When Yasser Arafat died, the world's conspiracy theorists predictably went into a frenzy of accusing Israel of having poisoned him.
This was not a conspiracy theory.
Although it fits well into the conspiracy-theoretic world view because it shares some of the attributes of conspiracy theories, it lacks a key attribute by which we recognise conspiracy theories as irrational and as false. As we have said in the first post in this series, a conspiracy theory is:
- an explanation of observed events in current affairs and history (✓) … which
- alleges that those events were planned and caused in secret by powerful (or allegedly powerful) conspirators (✓), who thereby…
- benefit at the expense of others (✓, sort of), and who therefore…
- lie, and suppress evidence, about their secret actions (✓), and…
- lie about the motives for their public actions (x).
For the Israeli Prime Minister Ariel Sharon to have had Arafat poisoned, he would not have needed to lie about his motives, only his actions. Sharon and his government had said many times that Arafat was a mass murderer and actively engaged in terrorism, so their publicly announced and defended policy of targeting such people would in principle apply. It was only out of expediency that they had decided not to kill him. This means that the operation, had it existed, would have required no dupes: the active cooperation of only a few senior officers, politicians, undercover agents, and possibly a military scientist or two would have been needed, and all of them could have been informed of the operation's real nature and its real purpose.
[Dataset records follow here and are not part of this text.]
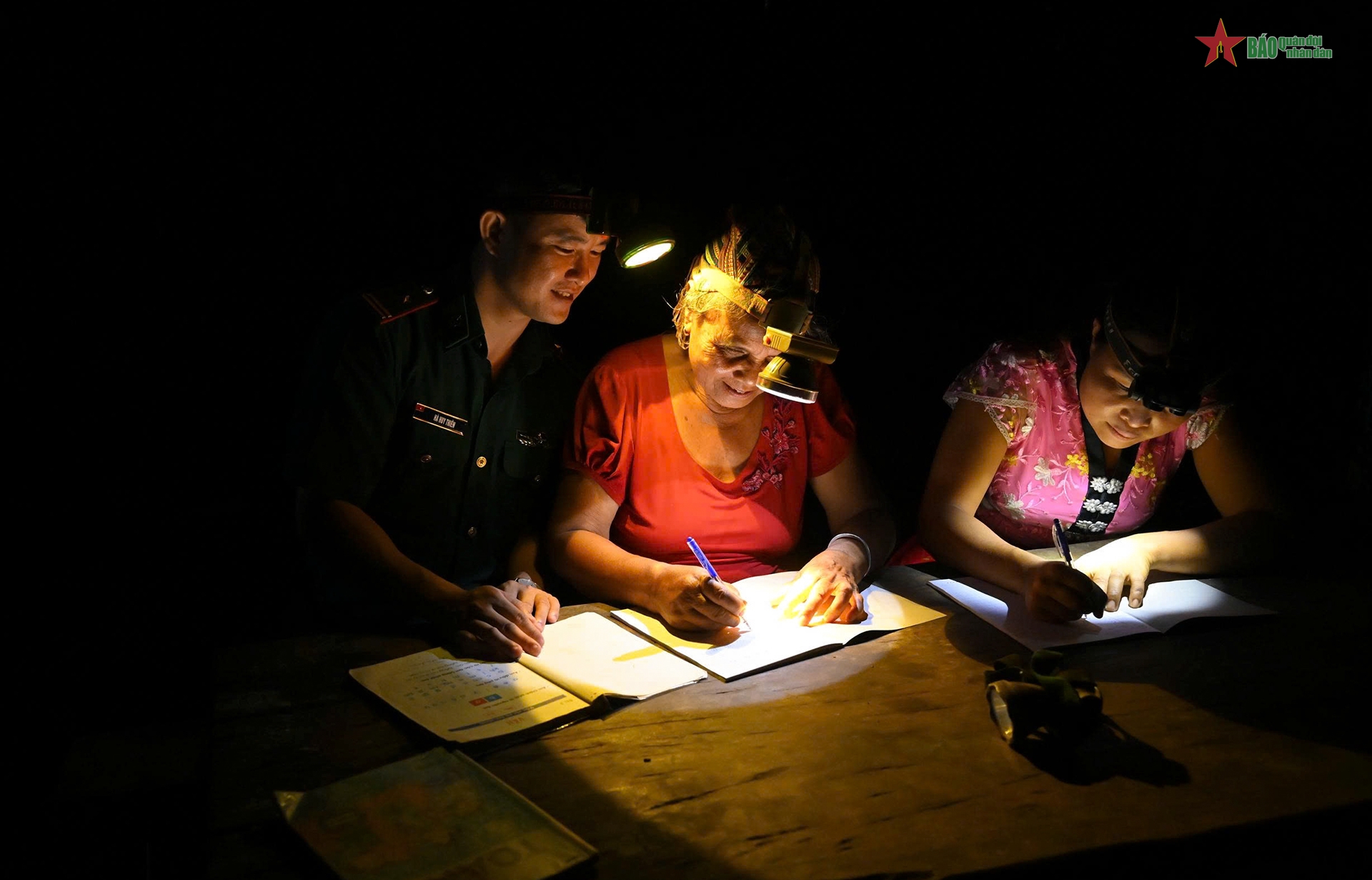 Cán bộ Đồn Biên phòng Tam Hợp (Ban chỉ huy Bộ đội Biên phòng tỉnh Nghệ An) giúp người dân học chữ trong điều kiện thiếu đèn điện.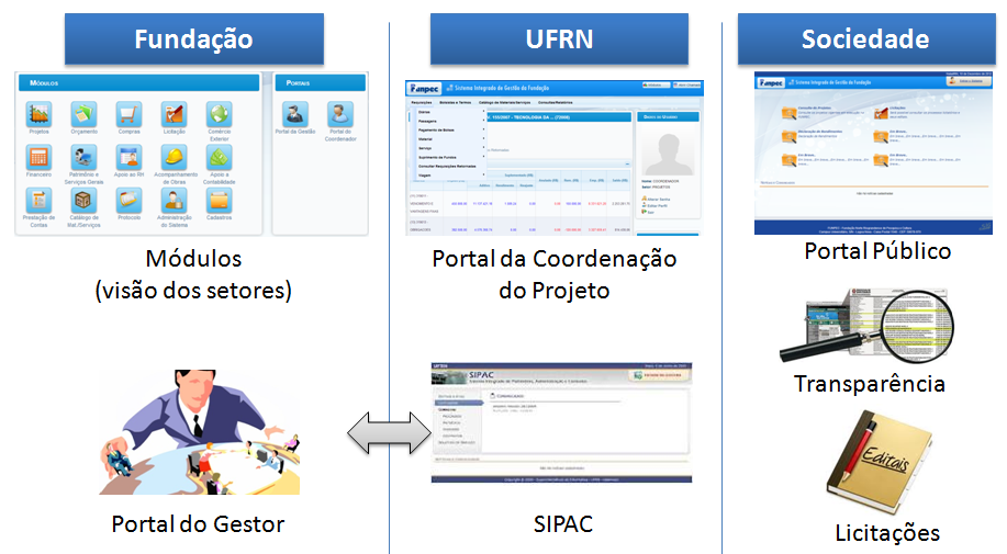 O SIGFundação está sendo desenvolvido nos moldes dos sistemas SIG (SIGAA, SIPAC, SIGRH), utilizando tecnologia atual e será acessado completamente pela Web, diferente da situação atual da fundação. Ele será um sistema integrado, englobando todos os setores da FUNPEC: Projetos, Compras, Licitação, Comércio Exterior, Empenho, Liquidação, Pagamento, Conciliação, Contas a Receber, Acompanhamento de Obras, Apoio a RH, Apoio a Contabilidade, Prestação de Contas, etc. Além disso, terá alguns portais, como por exemplo: Portal da Coordenação do Projeto e Portal da Gestão.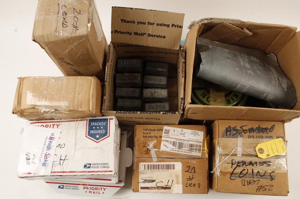 Bonanza re-loading lot including approximately 180 lbs. of re-loading lead, misc. bullets of various calibers including 7.65 x 53, etc.; bring your pick-up truck and a strong back! Est.: $100-$300.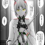 一緒にヴァイオリンを弾いた後、自分が持っている弓の毛が数本切れているのを見つけ落ち込む。「弓毛は消耗品だから気にしないで。張り替えるからしばらくこっち使ってて」と言って持っていた弓をこちらに渡してくるファインモーション。 「…私ね今とっても嬉しいんだ♪」 #ウマ娘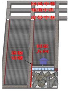 第三步: 工作面煤層回采后,在礦山壓力作用下, 將頂板切落下來形成巷幫 ,利用原巷道并經(jīng)加強支護(hù)形成新巷道, 同時借助巖石碎脹系數(shù)使巖石破碎后的體積增大為原來的1.3倍,壓實并隔斷采空區(qū),從而自動形成下一條回采巷道。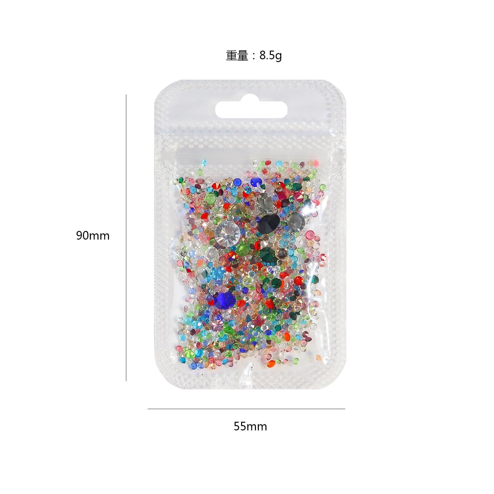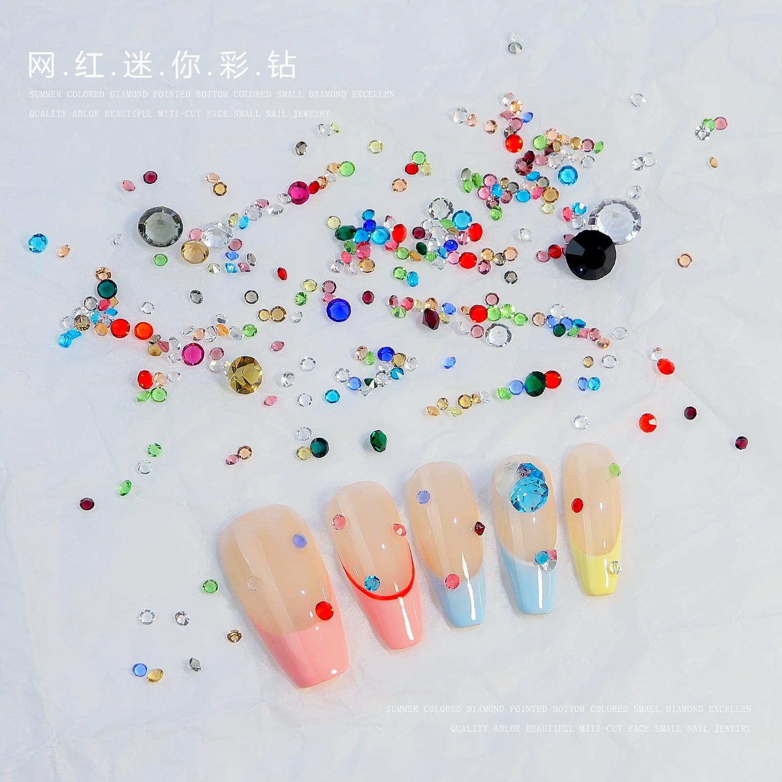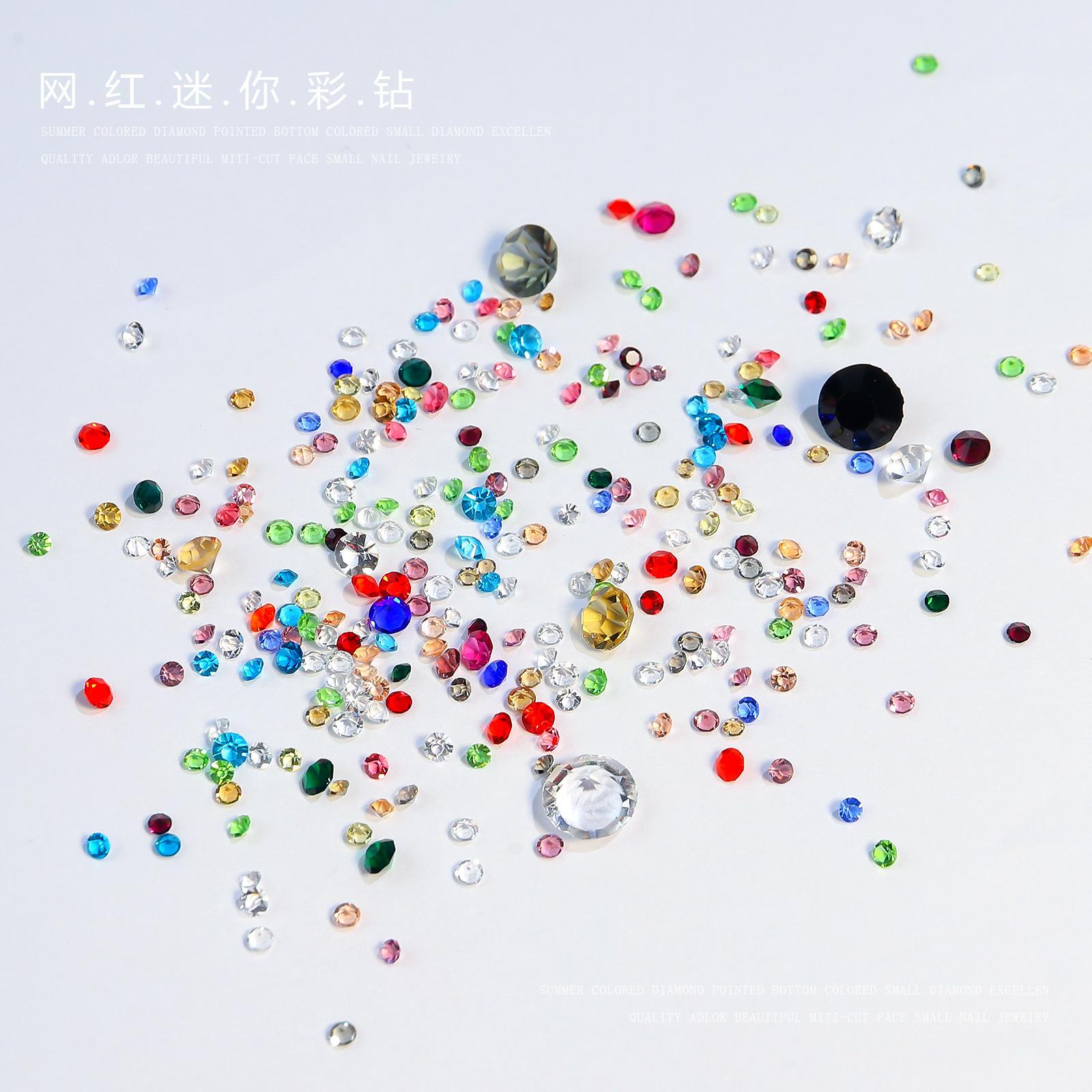 Bolsa de material de monito pequeño a través del fondo de la explosión del taladro de uñas color mixto punta inferior taladro de vidrio joyería para uñas mixto al por mayor

Hence there would have been no need for the impossible task of promoting dupes to conspirators, which is an archetypal flaw of conspiracy theories.
Lest any readers misunderstand our example here, we must stress that it is not even remotely plausible that Sharon had Arafat killed. But that is because of the specific political, military and moral circumstances, and not, as in the case of conspiracy theories, because the idea is irrational in its form.